Tuesday, July 19, 2011

It's New to Me: Aluminum Tunes by Stereolab (1998)




A sampling of merchandise from a catalog of bank, office, and library chairs, 1910

Aluminum Tunes is subtitled Switched On Volume 3 - it's the third in a series of collection of Stereolab's stray singles, EPs, and rarities. This installment was a two-disc set covering '94 to '97 (the Mars Audiac/Emperor Tomato/Dots Loops era) - I've had good luck with the first two Switched On collections (which, in the case of Stereolab, means that they did not cause me to fall into a Socialist-lounge-music coma).

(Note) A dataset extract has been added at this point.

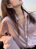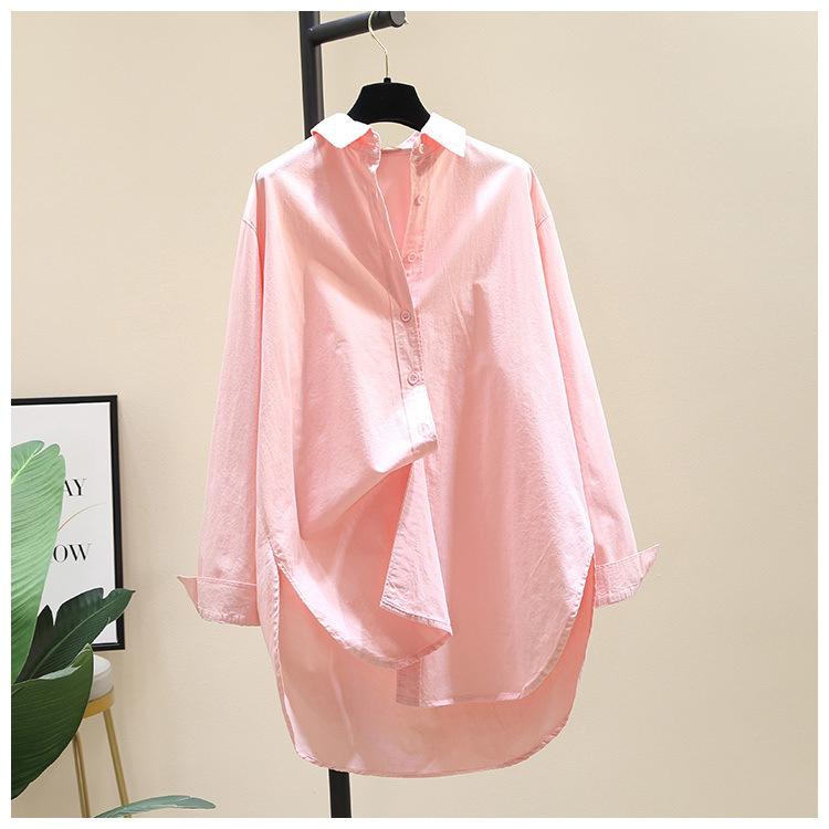 Camisa fina de manga larga para mujer, estilo occidental, nueva, estilo coreano, diseño holgado, estilo nicho, camisa de longitud media

I was immediately disappointed with Aluminum Tunes, though, because of the terrible packaging. It's not a collection that's too easy to find these days, and the packaging is such that any used copy is going to be pretty well mangled. It's a foldover cardboard digi-pak type thing, but the spindles holding the discs in place are little columns of cardboard. Over time, these little columns can easily get squished down so that the discs just fall right out of the "case" - it was hopeless trying to keep the discs in place in the copy I ordered off Amazon (the first disc also had major scratches, probably from falling out of the case). The day after I bought the thing, I was trying to put one of the discs back into its little cardboard tray and I must have pushed down a little too hard - the disc snapped in half. Ugh.

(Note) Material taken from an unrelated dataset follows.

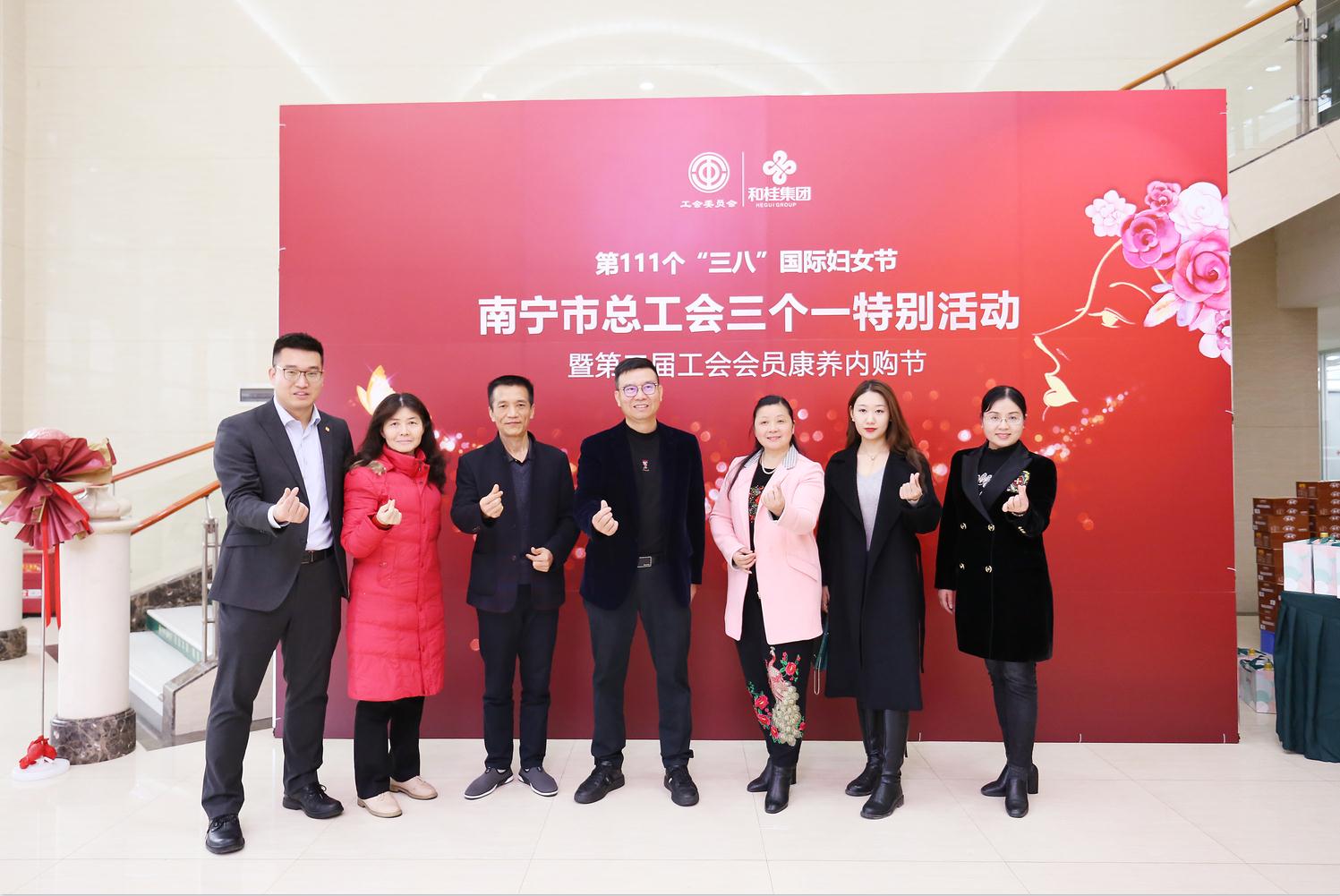 在第111個(gè)“三八”國(guó)際婦女節(jié)到來(lái)之際,為進(jìn)一步激發(fā)全市女職工愛(ài)崗敬業(yè)、銳意進(jìn)取的工作熱情,充分發(fā)揮“半邊天”的作用,3月5日,南寧市總工會(huì)走進(jìn)和桂集團(tuán),開(kāi)展“三個(gè)一”特別活動(dòng),通過(guò)“一場(chǎng)權(quán)益講座”“一場(chǎng)康養(yǎng)講座”“一個(gè)內(nèi)購(gòu)節(jié)”,與南寧市基層工會(huì)的女職工共慶節(jié)日,致敬了不起的綠城巾幗!

But enough about the terrible packaging - what about the music on Aluminum Tunes? Compared to the earlier Switched On collections, it's a little boring, to be frank. Both discs have vocal-track-to-instrumental ratio problems, and I think you're just daring your fans to turn on you if you name a nine-minute track "One Note Samba". Nonetheless, there are some great Stereolab tunes in here, particularly the tracks from the much-sought-after Music for the Amorphous Body Study Center and Laminations EPs - my favorite is probably "One Small Step", the track that ends the first Aluminum Tunes disc. It may sound particularly good in the context of that disc, being a very direct and melodic song coming after diffuse and abstract pieces like "Speedy Car" and "Ulan Bator", but I think that the circular melody and odd post-apocalyptic lyric stand pretty well on their own as well.